With low awareness of the disease, late presentation and diagnosis and poor adherence to follow-up visits, glaucoma remains one of the leading causes of blindness especially among older people.

Cost of treatment

Apart from surgery in severe cases, patients are put on lifetime treatment to manage the disease. However the high cost of medication is also making it difficult for patients to adhere to the treatment plan.

An Opthalmologist, who doubles as the Chairman of the Ophthalmology Society of Ghana's Glaucoma Working Group, Dr Charles Mensah Cofie, said cost of eye drop for glaucoma for 20 years can build a comfortable accommodation apartment for one’s retirement.

He, however, cautioned against the use of traditional treatment methods for glaucoma explaining that there was no scientific evidence supporting such remedies which has the potential to worsen the condition.

Dr Cofie urged individuals to seek treatment from qualified professionals to avoid irreversible vision loss. He highlighted the chronic and degenerative nature of the disease which means that once vision was lost it could not be restored.

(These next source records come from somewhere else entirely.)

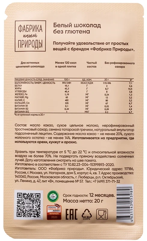 Шоколад Nature's Own Factory гречишный белый, 24 г – продукт, который отличается не только ярким, насыщенным вкусом, но и полезными свойствами для организма. В его основе лежит татарская гречиха, за счет чего лакомство обладает насыщенным и глубоким вкусом. Приятный аромат способствует пробуждению аппетита. Гречиха является одной из самых богатых белками круп. Она содержит большое количество аминокислот, среди которых есть те, что необходимы для синтеза собственных белков в организме. Также этот ингредиент богат углеводами и клетчаткой – последняя дает чувство сытости и способствует улучшению пищеварения. Гречишный шоколад идеально сочетается с горячими напитками. Он всегда является желанным дополнением к любому приему пищи. Его употребление помогает улучшить настроение (например, в хмурые ненастные дни) и уменьшить риск появления депрессии. Кроме того, такой десерт оказывает положительное влияние на деятельность мозга. Продукт выпускается в плотной упаковке с лаконичным дизайном. Хранить его следует при температуре +18 +/3 градуса при относительной влажности воздуха до 75%. Также важно не подвергать лакомство воздействию прямых лучей солнца. Торговая марка Nature's Own Factory была основана двумя лучшими подругами в 2017 году. Основное задачей стало наладить процесс производства натуральных продуктов с уникальным вкусом. Первым в ассортименте фирмы стал гречишный чай. Руководители долго искали настоящий чай высокого качества, который спустя полгода поисков была найден на единственной фабрике на Тайване. Постепенно линейка реализуемой продукции существенно расширилась. Сегодня она включает около 20 продуктов. Также компания предлагает на выбор разные варианты подарочных наборов.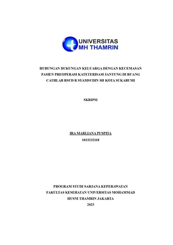 Ira Marliana, Puspita (2025) Hubungan Dukungan Keluarga dengan Kecemasan Pasien Preoperasi Kateterisasi Jantung di Ruang Cathlab RSUD R Syamsudin SH Kota Sukabumi. Other thesis, Universitas Mohammad Husni Thamrin.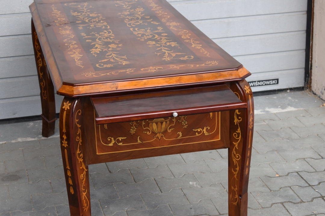 Мы представляем элегантный и стильный деревянный стол в стиле Art Deco, который идеально дополнит декор вашего офиса, гостиную или офис. Это уникальный предмет мебели, который сочетает в себе функциональность с уникальным дизайном, характерным для 1920 -х и 30 -го века. и интрассы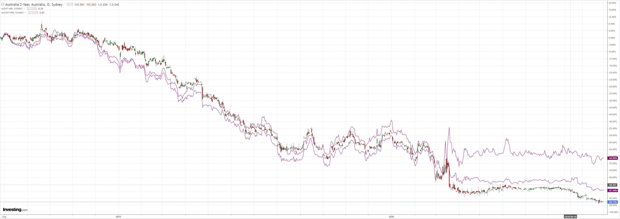 The Australian dollar is down this morning and in serious jeopardy of taking out the lows. It briefly hit four-month lows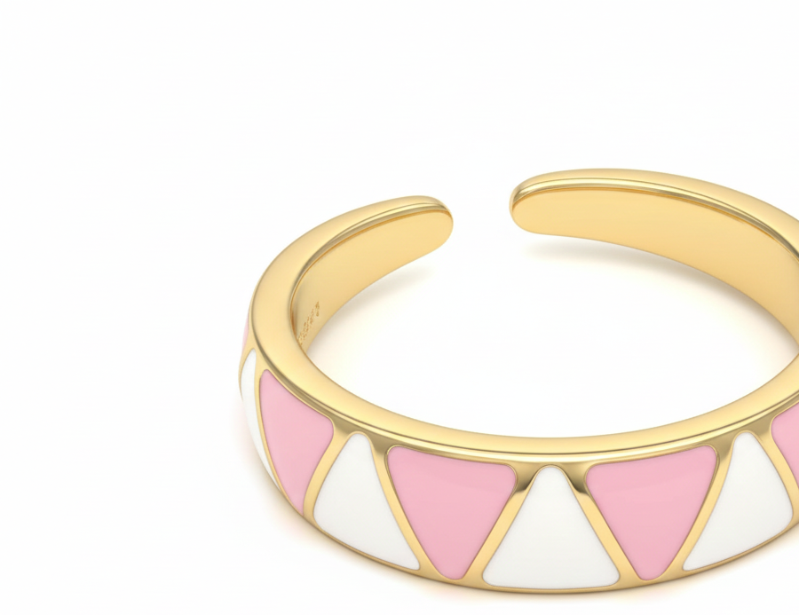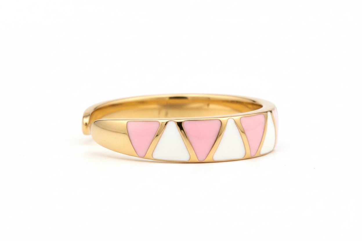 A chic and playful everyday essential, this gold-toned band features a modern geometric mosaic of soft pink and crisp white enamel. Its sleek, tapered profile and vibrant color-blocking make it the perfect piece for stacking or wearing as a minimalist statement.

A glaucoma patient, Former First Lady, Nana Konadu Agyeman-Rawlings, shared her personal experience with glaucoma, highlighting its silent nature and the financial burden of daily medication.

She appealed for tax waivers on glaucoma medication to alleviate the financial burden on patients or reduce prices to make treatment more accessible to all Ghanaians.

Reducing prevalence

There is the need for collaborative efforts to reduce the prevalence of glaucoma. Since glaucoma is genetic based it cannot be eliminated entirely but with increased awareness, early detection and intervention, blindness caused by the disease can be prevented.

Various non-governmental organisations (NGOs), including Orbis International, Vision Spring, and Operation Eyesight International, who play crucial roles in delivering eye care services, conducting research, and providing medical products and technologies must increase their effort.

Their efforts complement those of the public sector in improving access to eye care services through infrastructure development, capacity building and the deployment of human resources.

However, despite these efforts, Ghana continues to face significant challenges in combating glaucoma. With the highest prevalence of glaucoma cases in Africa and an estimated 232,500 blind individuals, of which 45,000 are due to glaucoma, urgent action is required to stem the tide of this silent thief of sight.

As Ghana observes World Glaucoma Week from March 10 to 16, 2024, on the theme "Uniting for a Glaucoma-Free World," it is imperative that concerted efforts are made to raise awareness, improve access to quality eye care services, and ensure that no one lives in fear of losing their vision.


 With collaborative action, Ghana can work towards realising the vision of a glaucoma related blindness free future for all its citizens.